The 70,000-strong Palmyrene army, assembled on the plain of Emesa, nearly routed the Romans. In an initial thrill of victory they hastened their advance, breaking their lines and enabling the Roman infantry to attack their flank. The defeated Zenobia headed to her capital on the advice of her war council, leaving her treasury behind her. In Palmyra, the empress prepared for a siege. Aurelian blocked food-supply routes and there were probably unsuccessful negotiations. According to the Augustan History , Zenobia said that she would fight Aurelian with the help of her Persian allies. However, the story was probably fabricated and used by the emperor to link Zenobia to Rome's greatest enemy. If such an alliance existed, a much-larger frontier war would have erupted. However, no Persian army was sent. As the situation worsened, the queen left the city for Persia intending on seeking help from Palmyra's former enemy. Aurelian, learning about Zenobia's departure, sent a contingent which captured the empress before she could cross the Euphrates to Persia. Palmyra capitulated soon after news of Zenobia's captivity reached the city in August 272. Zenobia's fate is uncertain since ancient historians left conflicting accounts.

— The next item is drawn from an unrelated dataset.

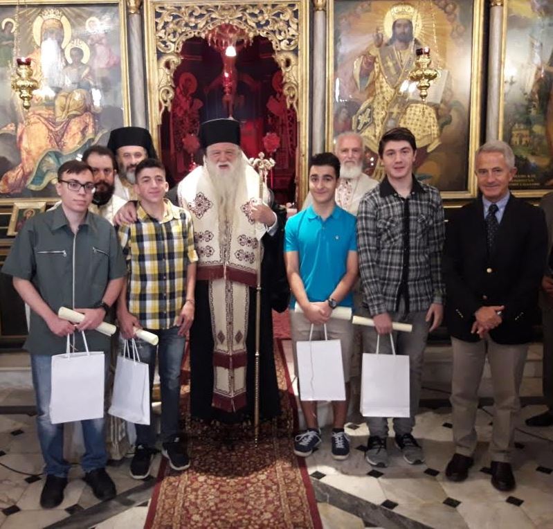 Ακολούθως, ο σεπτός Ποιμενάρχης προσέφερε τα ίδια δώρα σε τέσσερις μαθητές Λυκείων του Αιγίου που πρώτευσαν στις πανελλαδικές εξετάσεις και συγκεκριμένα στους Γρηγόριο Καστή από το ΕΠΑΛ (εισήχθη πρώτος στη Σχολή Μηχανολόγων και Αεροναυπηγών Μηχανικών με 19.305 μόρια), Κωνσταντίνο Γιαλελή από το ΕΠΑΛ (εισήχθη πρώτος στη Σχολή Βιολογίας Πάτρας με 18.715 μόρια), Λάμπρο Πρίτζιο από το 2ο Γενικό Λύκειο (εισήχθη πρώτος στη Σχολή Ηλεκτρολόγων Μηχανικών και Τεχνολογίας Υπολογιστών Πάτρας με 19.440 μόρια) και Ιωάννη Παπαγεωργίου από το 2ο Γενικό Λύκειο (εισήχθη πρώτος στη Σχολή Ηλεκτρολόγων Μηχανικών και Μηχανικών Ηλεκτρονικών Υπολογιστών Αθήνας με 19.487 μόρια).

Zosimus wrote that she died before crossing the Bosporus on her way to Rome. According to this account, the empress became ill or starved herself to death. The generally unreliable chronicler, John Malalas, wrote that Aurelian humiliated Zenobia by stopping her through the eastern cities on a dromedary. In Antioch, the emperor had her chained and seated on a dais in the hippodrome for three days before the city's population. Others defended Zenobia appeared in Aurelian's triumph and was then beheaded. Most ancient historians and modern scholars agree that Zenobia was displayed in Aurelian's 274 triumph. According to the other historians, her life was spared after Aurelian's triumph. The Augustan History recorded that Aurelian gave Zenobia a villa in Tibur near Hadrian's Villa, where she lived with her children. Zonaras wrote that Zenobia married a nobleman, and Syncellus wrote that she married a Roman senator. The house she reportedly occupied became a tourist attraction in Rome.
Zenobia was a cultured monarch and fostered an intellectual environment in her court, which was open to scholars and philosophers. She was tolerant toward her subjects and protected religious minorities. The empress maintained a stable administration, which governed a multicultural, multiethnic empire. All this tales have been recorded about her fate. Her rise and fall have inspired historians, artists and novelists, and she is a patriotic symbol in Syria.